The Chicamacomico Lifesaving Station, is located on Highway 12 in the village of Rodanthe. The original station was built in 1874. Later converted into a boathouse when the new station was constructed in 1911. Exhibits and beach apparatus drills are featured during the summer months.
"The Chicamacomico Lifesaving station was established in 1874, one of the first seven stations on the Outer Banks of North Carolina.
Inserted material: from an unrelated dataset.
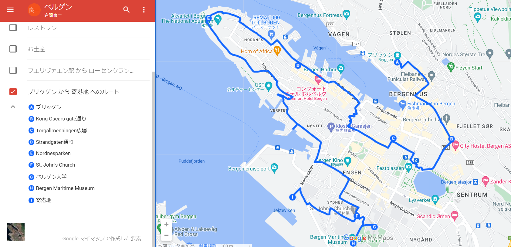 ベルゲンカードとレンタル自転車を利用したベルゲン1日観光プランを作成してみます。朝6時に入港するので7時30分ころ出発できますが、博物館やフィッシュマーケットの開館時間は10時なので最初は7時30分から始まるケーブルカーから始めましょうかね。
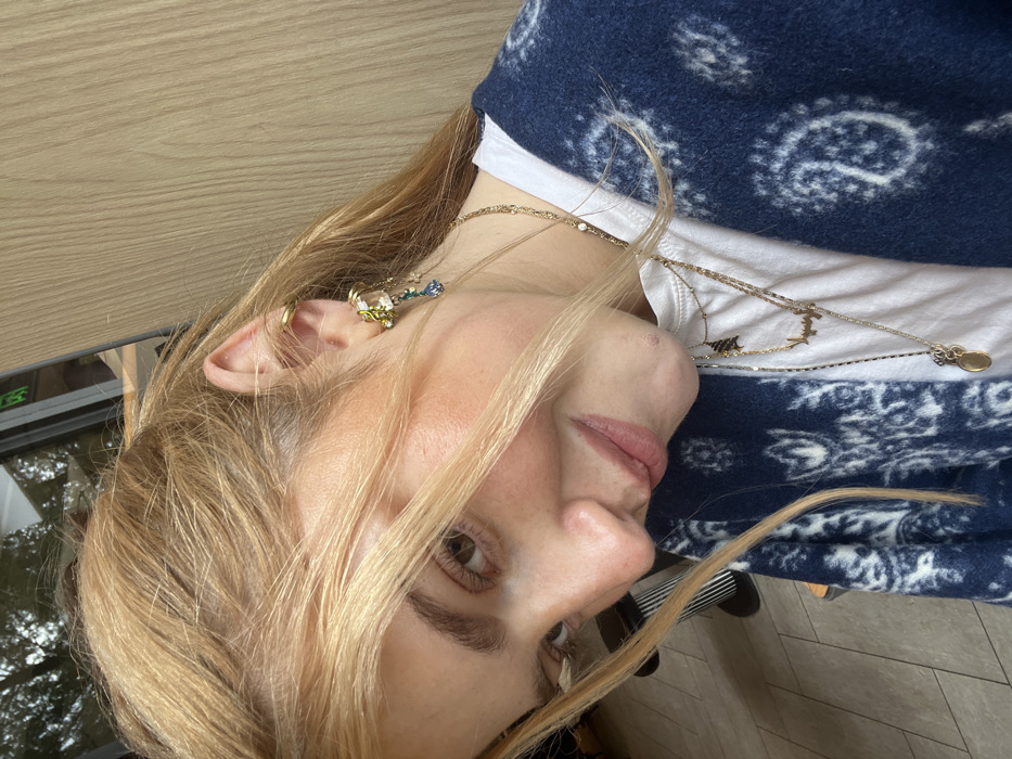 A fair-skinned woman with light blonde hair is shown in a close-up, tilted shot. She wears multiple gold necklaces and various earrings, including a gold hoop and a floral design. Her eye color is light brown. She is wearing a white t-shirt and a navy blue and white patterned garment. The background is a light wooden surface with a hint of greenery visible through a window.

The buildings on site survive as one of the most complete U.S. Lifesaving Service/Coast Guard Station complexes on the Atlantic Coast.
A Brief History ... The Board-And-Batten Station was converted to a boathouse when the new shingle style station and its outbuildings were erected in 1911. They remind us today of the daring rescues made off the treacherous shoals and surf of Hatteras Island in the late 19th and early 20th centuries.
One such rescue was of the "Strathairly" in 1891. Surfmen from Chicamacomico pulled seven members from heavy seas overcoming dense fog, high winds, and tumultuous surf. In 1898 the surfmen rescued members of the schooner "Fesseden." A year later, with the Lyle gun and the breeches buoy mechanisms, they saved the entire crew of the "Mini Bergen."
In 1918, Captain John Allen Midgett led his men in Chicamacomico's most celebrated event: The "Mirlo" rescue. The surfmen, while endangering their own lives in the fire and turbulent seas, rescued 42 of the British tanker's crew. The British government awarded Gold Lifesaving medals to Captain Midgett and the surfmen. The U.S. Government presented "Grand Crosses of the American Cross of Honor." Only eleven of these have ever been awarded and six belong to the surfmen of Chicamacomico.
It has been more than forty years since the Coast Guard left its watch on the Atlantic waters from this outpost, but the historic deeds of the many brave surfmen, who continuously endangered their own lives to rescue foundering seagoers, live on in the minds and hearts of the survivors and the relatives of both rescuers and the rescued. Many of the recent generations of Outer Banks natives are descended from former surfmen, and many of them are from the Midgett family who brought international acclaim to the Chicamacomico activities under the leadership of Keeper John Allen. Their story must be preserved."